MitraClipによる経皮的僧帽弁接合不全修復術
外科的手術の困難な重症僧帽弁閉鎖不全症(逆流)患者に対する、カテーテルで行う新しい治療法です。メリットとして、治療に開胸や心臓を止める必要がなく、外科的手術比較し体への負担少ないのが特徴です。また術後早期にリハビリを行いますので、早期の社会復帰が可能となります。
僧帽弁閉鎖不全症とは
通常血流は、心房から心室へと一方行に流れるのに対して、僧帽弁閉鎖不全症は、左心房と左心室を隔てる逆流防止弁(僧帽弁)の異常により、左心室から左心房へと血流が逆流してしまう疾患です。
僧帽弁閉鎖不全の症状
その結果、呼吸困難や浮腫等の心不全症状を生じます。また僧帽弁閉鎖不全は進行性の疾患であり、進行・悪化を認めれば生命にも関わります。
MitraClipによる経皮的僧帽弁接合不全修復術(動画参照)
- 全身麻酔下で太ももの静脈からシース(カテーテル挿入するためのプラスチック製の管)を挿入します。
- その管から左右の心房の壁(心房中隔)に穴を開ける針を通し、左心房内にワイヤーを留置します。
- 留置したワイヤーに沿わせて約8mm径程度のガイドカテーテルを左心房に挿入します。
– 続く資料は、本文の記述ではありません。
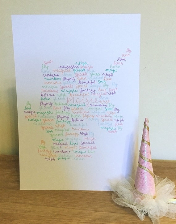 A4 Unicorn Personalised Hand Lettered Wall Art Unicorn Gifts Etsy
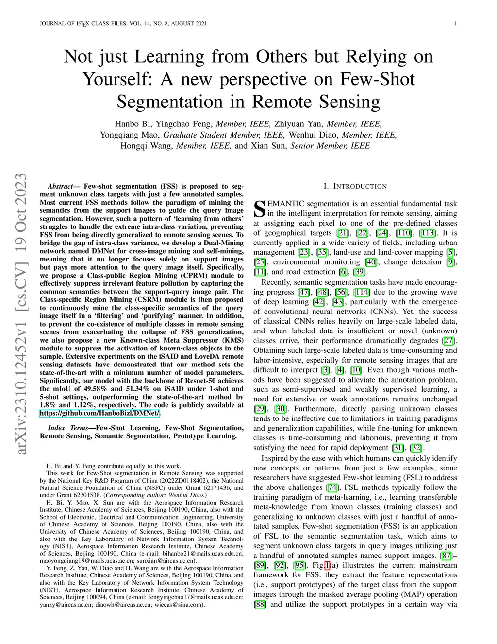 on Few-Shot Segmentation in Remote Sensing
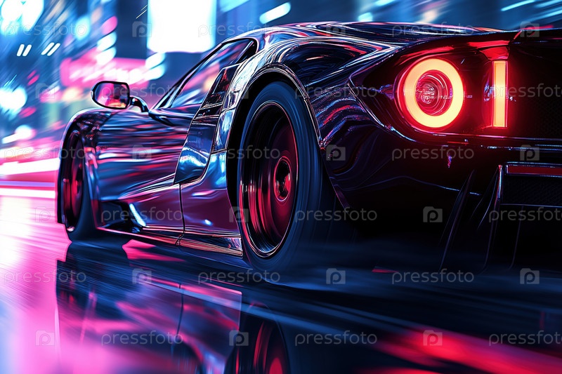 Спортивный автомобиль, движущийся на высокой скорости по улице Неон Сити ночью с Motion Blur
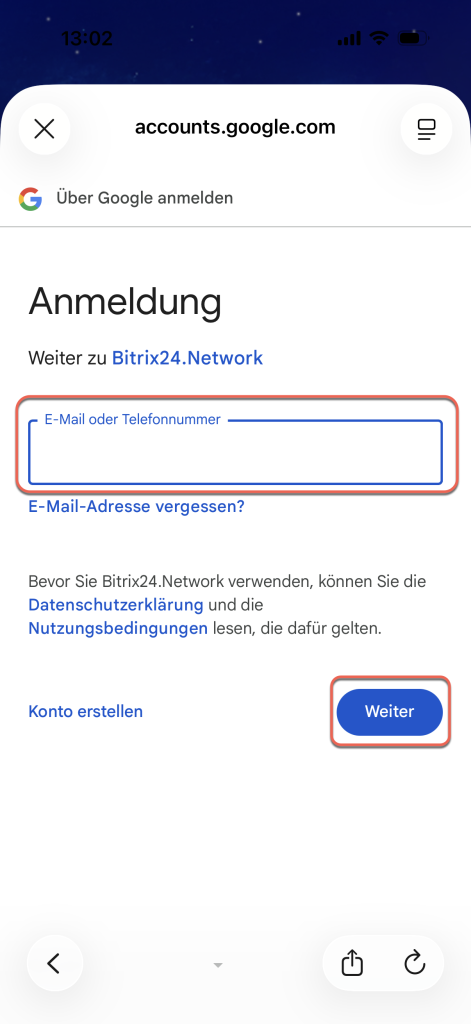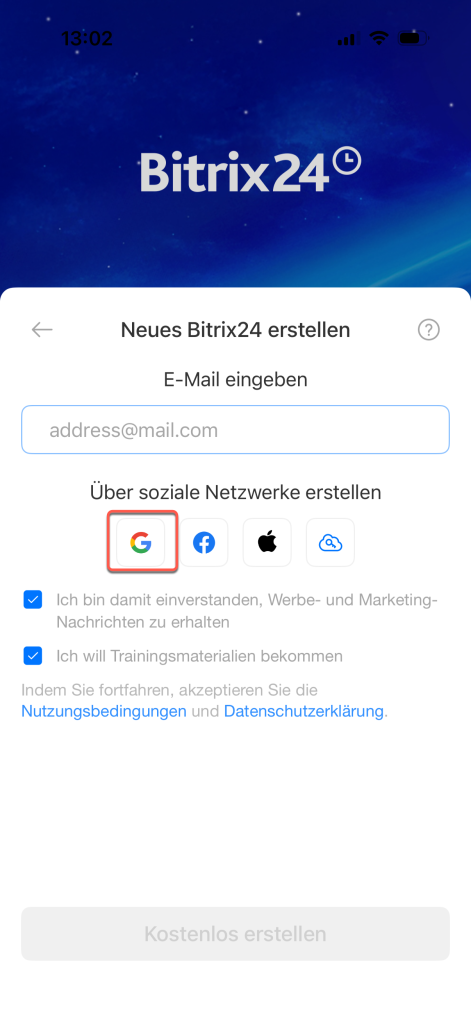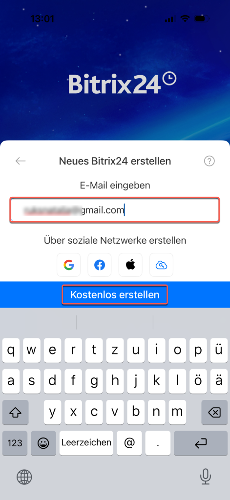 Sie können Bitrix24 direkt in der mobilen App erstellen – ideal, wenn Sie schnell und ohne Computer starten möchten.
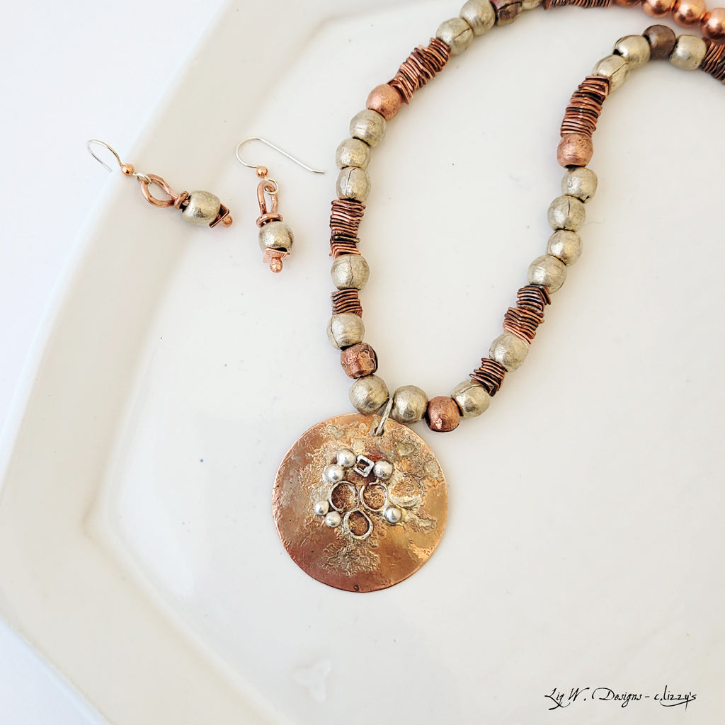 You will receive the exact necklace shown. Due to the handmade nature of the piece and the use of natural metals, subtle variations in color and texture are part of its unique character. Screen resolution may slightly alter color tones.

- ガイドカテーテルの先端からクリップがついたデリバリーシステムを左心房内に挿入します。
- クリップを逆流のある僧帽弁部位まで操作し、僧帽弁の弁尖をクリップで挟み込むようにして閉じます。
- 僧房弁の逆流が減少していることをエコー(超音波)にて確認し、クリップを留置します。逆流の改善が不十分であったり、不完全である場合は、クリップの位置を修正したり、追加のクリップを留置します。
- ガイドカテーテルを抜去し、止血処置を行い終了となります。
MitraClipの対象となる方
- 外科的弁置換術・形成術のリスクが高い方
- 弁の形態がクリップ適している方
当院では外科的手術リスクや全身状態の評価および心臓超音波にて僧房弁形態評価等の循環器内科医、心臓血管外科医、麻酔科医の他、看護師、臨床工学技士、放射線技師等のメディカルスタッフからなるハートチームにて治療方針を決定しています。また、術後早期からスムーズにリハビリが開始できるように、術前から専門スタッフが介入し、患者さんの全身状態の把握を行っています。またクリップの治療後は、心臓のコンディションが大きく変化します。当院心不全チーム、薬剤師と連携をとりながら、術後の薬剤調整や退院後の外来通院等の調整を総合的かつ継続的に行います。